> [REQUIRED ACTION] Nothing in the data should change when you return it, but leave the pictures out.

> [MATERIAL PROVIDED]

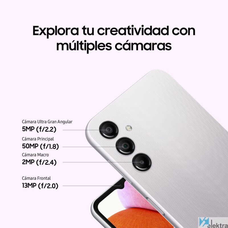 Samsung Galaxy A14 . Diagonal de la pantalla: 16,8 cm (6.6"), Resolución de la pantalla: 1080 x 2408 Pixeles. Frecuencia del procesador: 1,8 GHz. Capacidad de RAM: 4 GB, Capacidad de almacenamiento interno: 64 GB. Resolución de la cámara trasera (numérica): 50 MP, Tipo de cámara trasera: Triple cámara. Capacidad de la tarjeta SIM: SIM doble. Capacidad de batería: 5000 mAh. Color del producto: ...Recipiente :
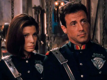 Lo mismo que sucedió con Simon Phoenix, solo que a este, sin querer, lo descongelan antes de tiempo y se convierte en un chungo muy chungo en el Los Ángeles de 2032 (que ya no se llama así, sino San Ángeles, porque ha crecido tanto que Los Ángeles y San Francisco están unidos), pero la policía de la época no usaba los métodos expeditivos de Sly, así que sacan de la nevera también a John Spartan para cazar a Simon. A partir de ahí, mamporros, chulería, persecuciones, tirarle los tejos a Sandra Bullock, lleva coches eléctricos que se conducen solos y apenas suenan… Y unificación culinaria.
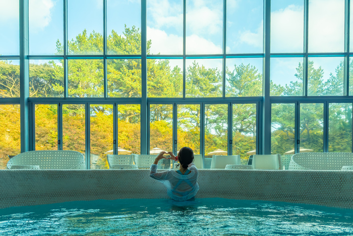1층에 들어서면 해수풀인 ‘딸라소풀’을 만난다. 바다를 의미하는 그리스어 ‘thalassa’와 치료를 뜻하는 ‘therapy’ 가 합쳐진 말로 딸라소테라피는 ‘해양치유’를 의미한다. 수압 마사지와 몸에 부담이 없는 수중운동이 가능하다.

> [ANSWER BOX]
 Samsung Galaxy A14 . Diagonal de la pantalla: 16,8 cm (6.6"), Resolución de la pantalla: 1080 x 2408 Pixeles. Frecuencia del procesador: 1,8 GHz. Capacidad de RAM: 4 GB, Capacidad de almacenamiento interno: 64 GB. Resolución de la cámara trasera (numérica): 50 MP, Tipo de cámara trasera: Triple cámara. Capacidad de la tarjeta SIM: SIM doble. Capacidad de batería: 5000 mAh. Color del producto: ...Recipiente :
 Lo mismo que sucedió con Simon Phoenix, solo que a este, sin querer, lo descongelan antes de tiempo y se convierte en un chungo muy chungo en el Los Ángeles de 2032 (que ya no se llama así, sino San Ángeles, porque ha crecido tanto que Los Ángeles y San Francisco están unidos), pero la policía de la época no usaba los métodos expeditivos de Sly, así que sacan de la nevera también a John Spartan para cazar a Simon. A partir de ahí, mamporros, chulería, persecuciones, tirarle los tejos a Sandra Bullock, lleva coches eléctricos que se conducen solos y apenas suenan… Y unificación culinaria.
1층에 들어서면 해수풀인 ‘딸라소풀’을 만난다. 바다를 의미하는 그리스어 ‘thalassa’와 치료를 뜻하는 ‘therapy’ 가 합쳐진 말로 딸라소테라피는 ‘해양치유’를 의미한다. 수압 마사지와 몸에 부담이 없는 수중운동이 가능하다.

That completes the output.